Coca-Cola (NYSE:KO ) and Pepsi (NYSE:PEP ) have been battling for global soft drink supremacy since the latter part of the 19th century. Despite being similar on the surface the two companies have taken fundamentally different routes to expand their business. While Pepsi diversified their interests by branching out into the food sector, Coca-Cola remained loyal to their roots and stayed a beverage only corporation. In line with their aim to dominate the beverage industry, the company acquired several brewers like Vitaminwater, Minute Maid and Powerade thus significantly increasing the number of brands offered by the company.
Staying focused on a single type of product, however, has spelt bad news for the iconic Coke maker in recent years. After sales of carbonated soft drinks took a nosedive in key markets like the US and Europe due to consumers opting for low-calorie healthy alternatives, Coca-Cola had to shift its attention towards emerging markets present in third world nations — places where sugar-based drinks were still in high demand.
Why The Need To Invest Billions in Africa?
So why doesn’t Coca-Cola revamp its current strategy and introduce sugar-free products instead of investing in developing nations? Mainly because sales in the North American region have been at a standstill for quite some time now due to market saturation and lifestyle choices being made by current consumers. Furthermore, it’s a safe bet to assume that Coca-Cola products are pretty much present on every shelf in every store present in the North American continent. That leaves emerging markets like Africa as promising alternatives, mainly because their population is still growing and their economies are gradually maturing. And, healthy or not, the corporation is not going to quit on its bestseller anytime soon, especially if it continues to mint them cash and gives them the necessary cash to compete with PepsiCo.
With that in mind the higher-ups at the Coca-Cola Company along with their bottling partners have announced a $5 billion investment in the African continent over a period of six years — which brings the total investment tally to roughly $17 billion — to be invested between 2010 and 2020. The funding aims to improve distribution channels, develop new manufacturing lines and cooling systems.
How The Investment Impacts Coke
The analysts at KO are expecting the same great results in Africa as they enjoyed in China. At a time when North American sales were stagnant; continuously leading to a flat share price, a move to the emerging Chinese market proved to be an extremely effective one causing volumes to grow by 10%. Replicating the same process in Africa can contribute significantly to Coca-Cola’s overall revenue and performance. The company is actively looking for new locations worldwide to achieve organic and inorganic growth and the African continent looks promising.

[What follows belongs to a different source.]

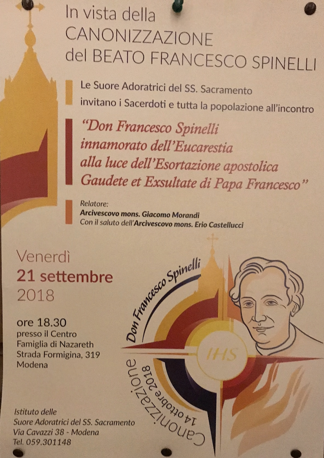 In vista della Canonizzazione del Beato Francesco Spinelli le Suore Adoratrici del SS. Sacramento invitano i Sacerdoti e tutta la popolazione all’incontro:

Another major reason why KO is looking to quickly dominate Africa is because of their arch rival PepsiCo. While PepsiCo has done great in the Foods sector — a segment Coca-Cola is yet to tap into — they haven’t fully realized the potential of making sizeable investments on par with KO’s in an emerging market like Africa — a flaw Coca-Cola wants to take advantage of before Pepsi realizes its mistake. Being the sole heavyweight champion with no challengers can increase KO’s revenue tenfold. It all boils down to getting there first.
Coca-Cola CEO Muhtar Kent discussed how the company’s investment in the region will be a catalyst for growth.
tapping the potential in the African market can accelerate growth for the company by making supply chains more effective and will enable sub-Saharan Africa to supply more raw material to growing markets.
As compared to developed markets where the focus is generally towards innovation, an emerging market’s dynamics rely on customer loyalty. Despite low domestic sales, Coca-Cola’s performance in the emerging market sector has been quite impressive; already accounting for two-thirds of its business. Though the total sales volume grew by a mere 3% in the second quarter of the current fiscal, the emerging market sector present in Asia-Pacific recorded sales of 8%. Another emerging market — China- accounts for 5% of overall sales giving the company a 65% share of the carbonated drinks market in that region. Despite low domestic sales, Coca-Cola’s performance in the emerging market sector has been quite impressive.
Disclosure: The author has no positions in any stocks mentioned, and no plans to initiate any positions within the next 72 hours. The author wrote this article themselves, and it expresses their own opinions. The author is not receiving compensation for it (other than from Seeking Alpha). The author has no business relationship with any company whose stock is mentioned in this article.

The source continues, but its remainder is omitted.